= What you need to do =
Repeat only the lines below that run from the line with "Klassenleiter Mario Harder" to the line with "Verbiage taken from", ends included; skip every picture.

= Dataset content =
────────────────

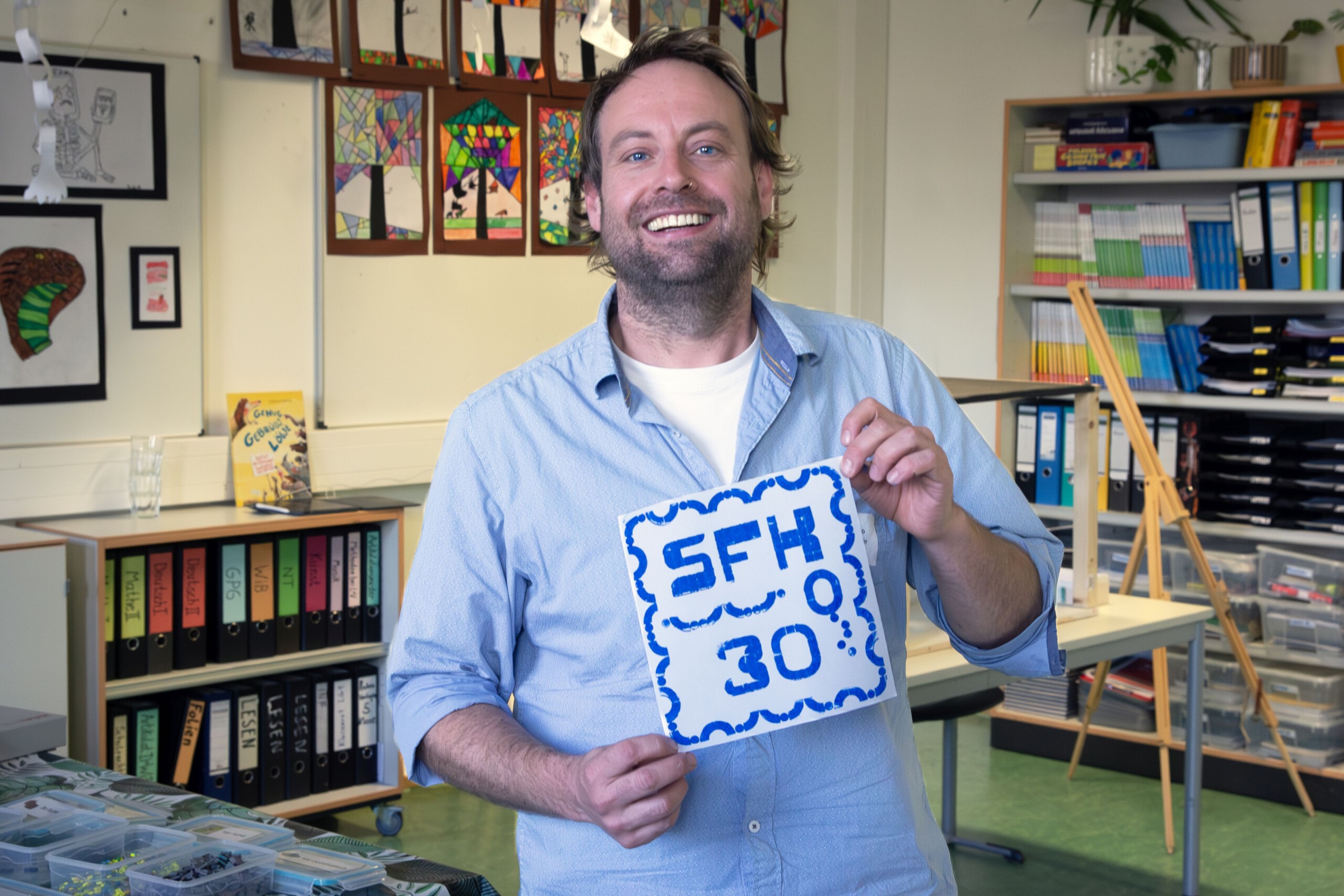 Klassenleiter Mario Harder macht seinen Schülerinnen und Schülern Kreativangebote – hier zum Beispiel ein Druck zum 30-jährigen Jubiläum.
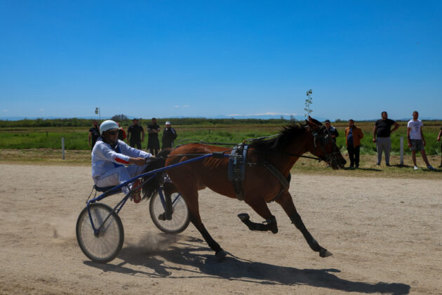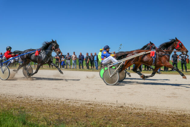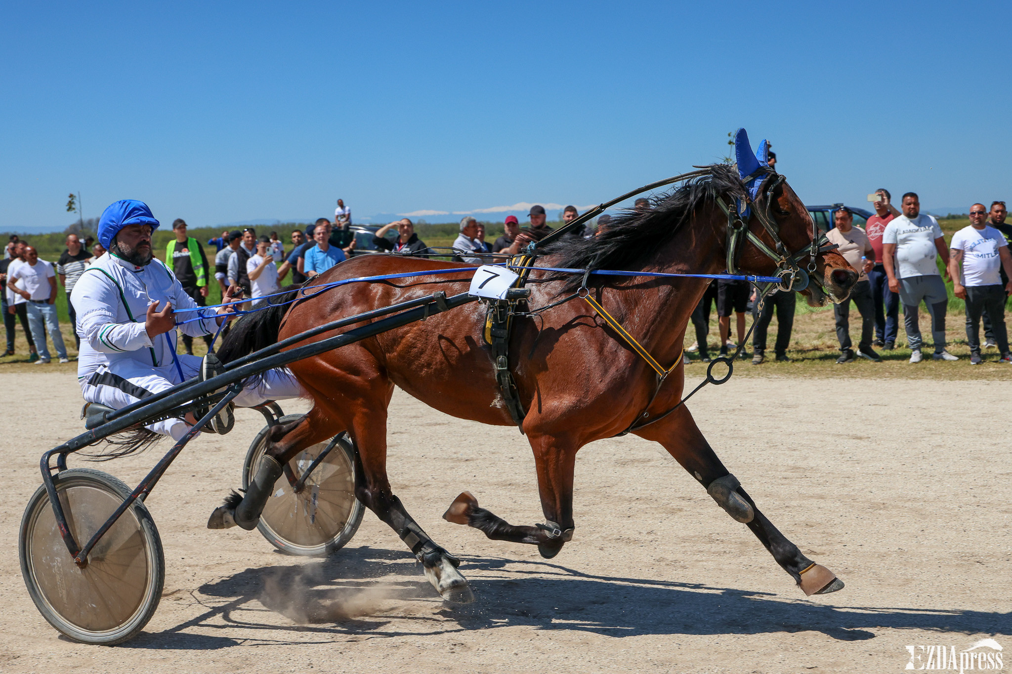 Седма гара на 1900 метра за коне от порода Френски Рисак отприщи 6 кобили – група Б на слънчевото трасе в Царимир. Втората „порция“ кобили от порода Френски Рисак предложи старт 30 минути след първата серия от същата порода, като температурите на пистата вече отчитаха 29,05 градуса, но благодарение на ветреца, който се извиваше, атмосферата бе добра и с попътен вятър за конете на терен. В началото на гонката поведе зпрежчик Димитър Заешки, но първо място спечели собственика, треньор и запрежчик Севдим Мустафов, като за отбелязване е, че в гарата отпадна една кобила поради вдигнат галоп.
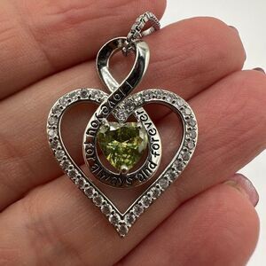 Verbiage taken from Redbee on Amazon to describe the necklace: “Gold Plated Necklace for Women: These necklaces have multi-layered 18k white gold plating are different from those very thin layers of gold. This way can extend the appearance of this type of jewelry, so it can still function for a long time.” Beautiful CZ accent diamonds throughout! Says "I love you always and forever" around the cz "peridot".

────────────────

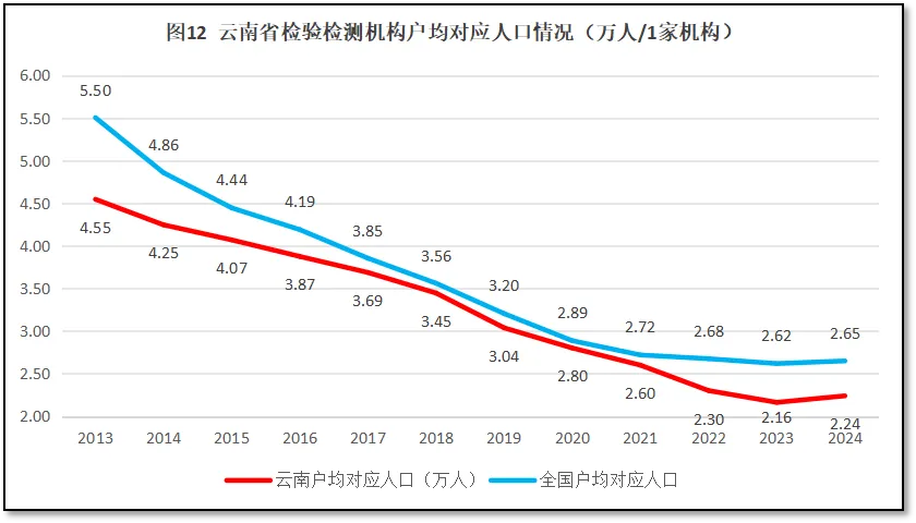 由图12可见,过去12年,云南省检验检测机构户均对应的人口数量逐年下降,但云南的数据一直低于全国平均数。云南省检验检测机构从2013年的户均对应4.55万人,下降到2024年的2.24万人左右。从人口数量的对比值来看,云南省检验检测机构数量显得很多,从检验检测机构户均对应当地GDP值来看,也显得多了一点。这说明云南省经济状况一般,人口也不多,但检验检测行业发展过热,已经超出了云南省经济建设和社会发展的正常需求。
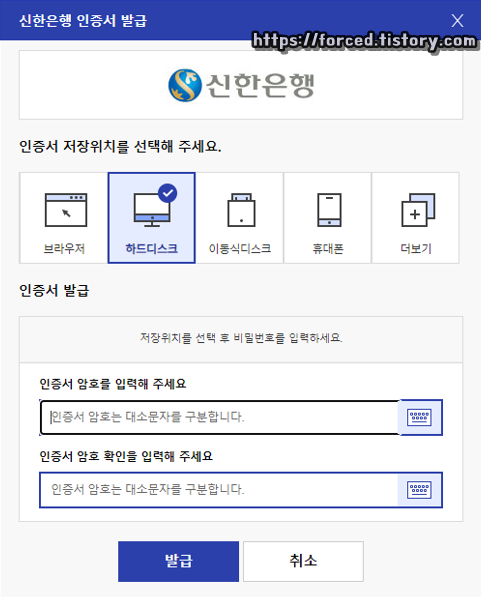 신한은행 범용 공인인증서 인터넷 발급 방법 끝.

────────────────

= Solution for this problem =
 Klassenleiter Mario Harder macht seinen Schülerinnen und Schülern Kreativangebote – hier zum Beispiel ein Druck zum 30-jährigen Jubiläum.
 Седма гара на 1900 метра за коне от порода Френски Рисак отприщи 6 кобили – група Б на слънчевото трасе в Царимир. Втората „порция“ кобили от порода Френски Рисак предложи старт 30 минути след първата серия от същата порода, като температурите на пистата вече отчитаха 29,05 градуса, но благодарение на ветреца, който се извиваше, атмосферата бе добра и с попътен вятър за конете на терен. В началото на гонката поведе зпрежчик Димитър Заешки, но първо място спечели собственика, треньор и запрежчик Севдим Мустафов, като за отбелязване е, че в гарата отпадна една кобила поради вдигнат галоп.
 Verbiage taken from Redbee on Amazon to describe the necklace: “Gold Plated Necklace for Women: These necklaces have multi-layered 18k white gold plating are different from those very thin layers of gold. This way can extend the appearance of this type of jewelry, so it can still function for a long time.” Beautiful CZ accent diamonds throughout! Says "I love you always and forever" around the cz "peridot".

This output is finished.